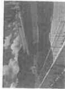
【閉園の朝日ヶ丘幼稚園】
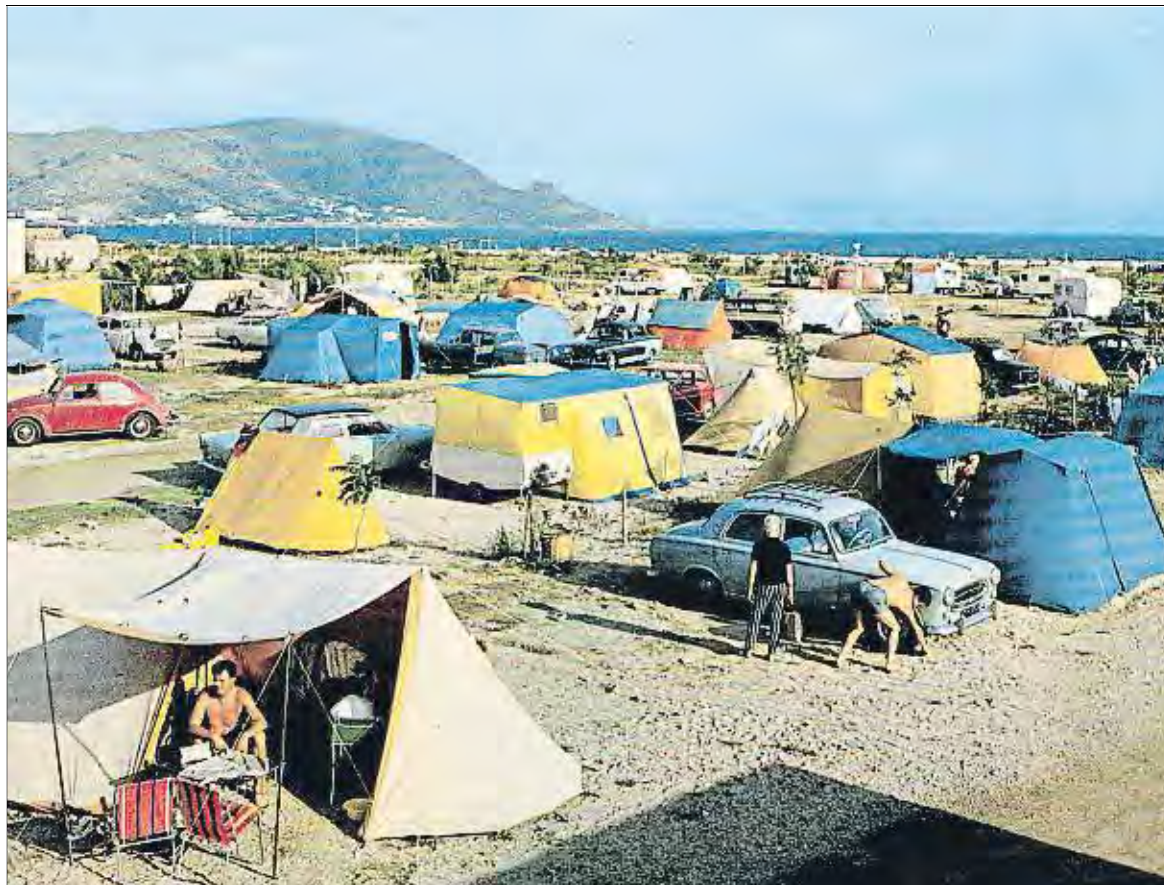
EXPOSICIÓ 60 ANYS DE CÀMPING A LA COSTA BRAVA / ARXIU

Seixanta anys després, el sector ha fet un gir de 180 graus. Piscines que no tenen res a envejar a les dels parcs aquàtics, supermercats, cellers, pistes poliesportives, solàrium, bungalows equipats amb tota mena de serveis (microones, aire condicionat, rentaplats, mobiliari de disseny...), restaurants d'alta cuina, saló d'estètica... ja s'han integrat a aquest tipus d'allotjament, que el 2016 va rebre més de 3 milions de turistes a Catalunya, un 9,3% més que el 2015, segons dades de l'Observatori del Treball de la Generalitat. Es tracta del perfil d'allotjament que va créixer l'últim any, per sobre d'hotels i apartaments turístics. Els càmpings catalans van sumar prop de 16 milions de pernотacions, de les quals més de la meitat van ser a Girona.
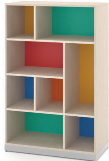
Escaninho Irregular Fun 8 Vãos L x A x P 90 x 140 x 45
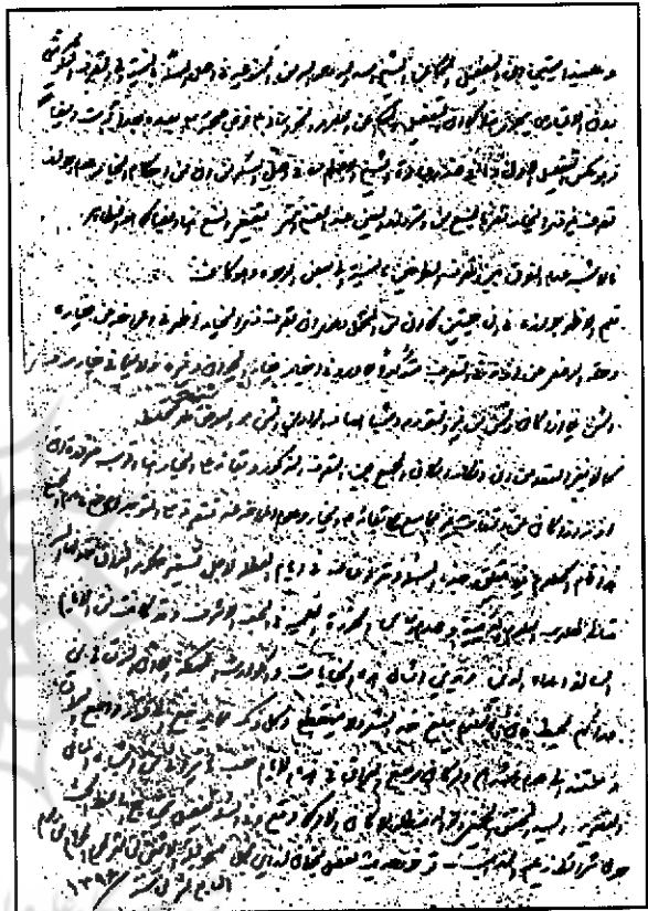
اخلاق، نصیحت، علم اعداد و اوقاف بحث می نماید.

بيست و سومين و آخرين جلد از مجموعه آثار موجود از آيت الله مصطفی خميني، در كتابخانه آيت الله العظمی مرعشی نجفی (قدس سره) «كتاب الصوم» است كه دارای شماره موقت ۱۳۳۹۶ است كه به خواهش جمعی از طلاب و در ايام تعطیلي حوزه علمیه نجف، به نگارش درآمده است. این كتاب در ۲۳۰ صفحه بر روی كاغذهای كاهی (اصطلاحاً فرنگی وسط با قدمت حداكثر ۵۰ سال) نوشته شده است كه هر صفحه دارای ۱۴ سطر است. این نسخه، تاریخ و محل كتابت ندارد.
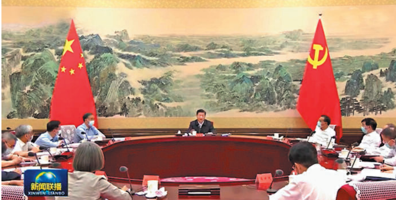
●7月28日，中共中央在中南海召開黨外人士座談會，就當前經濟形勢和下半年經濟工作聽取各民主黨派中央、全國工商聯負責人及無黨派人士代表的意見和建議。

香港文匯報訊 據新華社報道，中共中央政治局7月30日召開會議，分析研究當前經濟形勢，部署下半年經濟工作。中共中央總書記習近平主持會議。
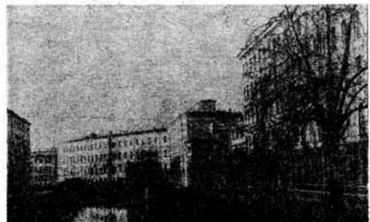
Вид на здания ЛИТМО с канала Грибоедова.

же находились бухгалтерия и касса, а в первом и третьем этажах располагались жилые комнаты служащих банка.
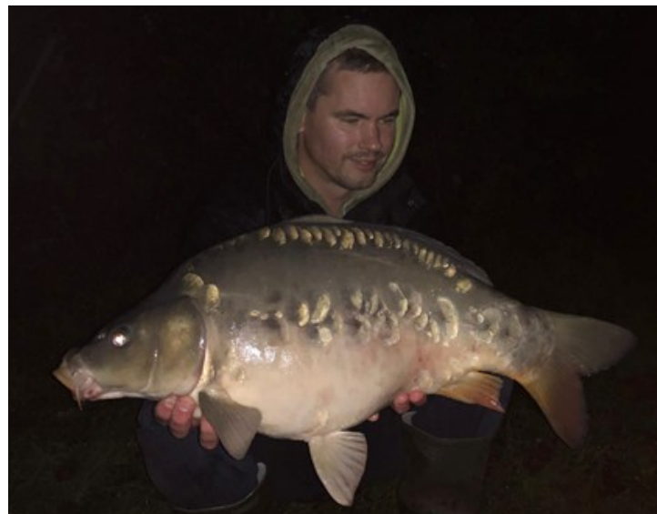
En nog een aantal vangsten van uitzetters en het oude bestand
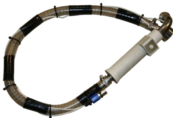
Дозирующий пистолет с армированным шлангом
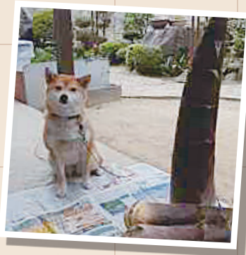
No.016 「でっかいタケノコ」 千早赤阪村 O様

おすすめ・お気に入りの募集をしています。 氏名・職員番号・所属校園・連絡先・写真の説明を添えてご応募ください！
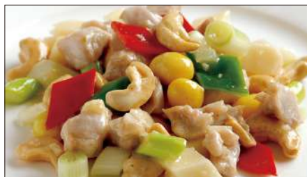
鶏肉とカシューナッツの炒め Sauteed Chicken and Cashew nut 腰果鶏丁

Tax Included 税込 表示価格にサービス料 10%を別途頂戴いたします
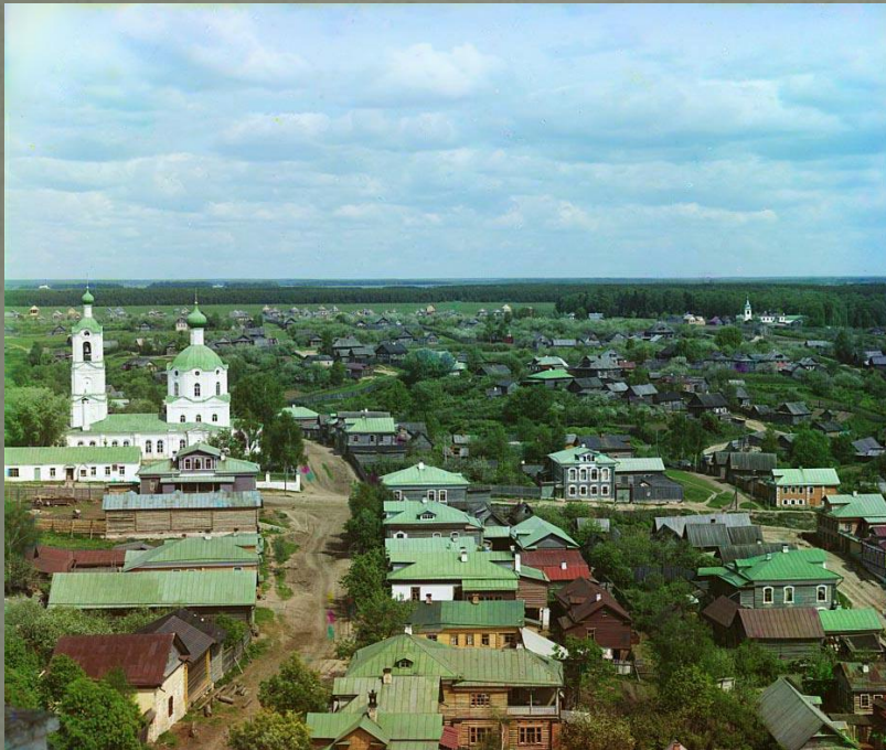
Князь-Федоровская сторона с церковью Покрова Пресвятой Богородицы. Фото 1910 г.

князь Федор Волоцкий и князь Дмитрий Углицкий, нач.16 в.

=-=-=

--- What is being asked ---
Would you restate word for word only the lines from the line with "Вид на здания ЛИТМО с канала Грибоедова." to the last line above, with the pictures left out?

--- Exercise result ---
Вид на здания ЛИТМО с канала Грибоедова.

же находились бухгалтерия и касса, а в первом и третьем этажах располагались жилые комнаты служащих банка.
En nog een aantal vangsten van uitzetters en het oude bestand
Дозирующий пистолет с армированным шлангом
No.016 「でっかいタケノコ」 千早赤阪村 O様

おすすめ・お気に入りの募集をしています。 氏名・職員番号・所属校園・連絡先・写真の説明を添えてご応募ください！
鶏肉とカシューナッツの炒め Sauteed Chicken and Cashew nut 腰果鶏丁

Tax Included 税込 表示価格にサービス料 10%を別途頂戴いたします
Князь-Федоровская сторона с церковью Покрова Пресвятой Богородицы. Фото 1910 г.

князь Федор Волоцкий и князь Дмитрий Углицкий, нач.16 в.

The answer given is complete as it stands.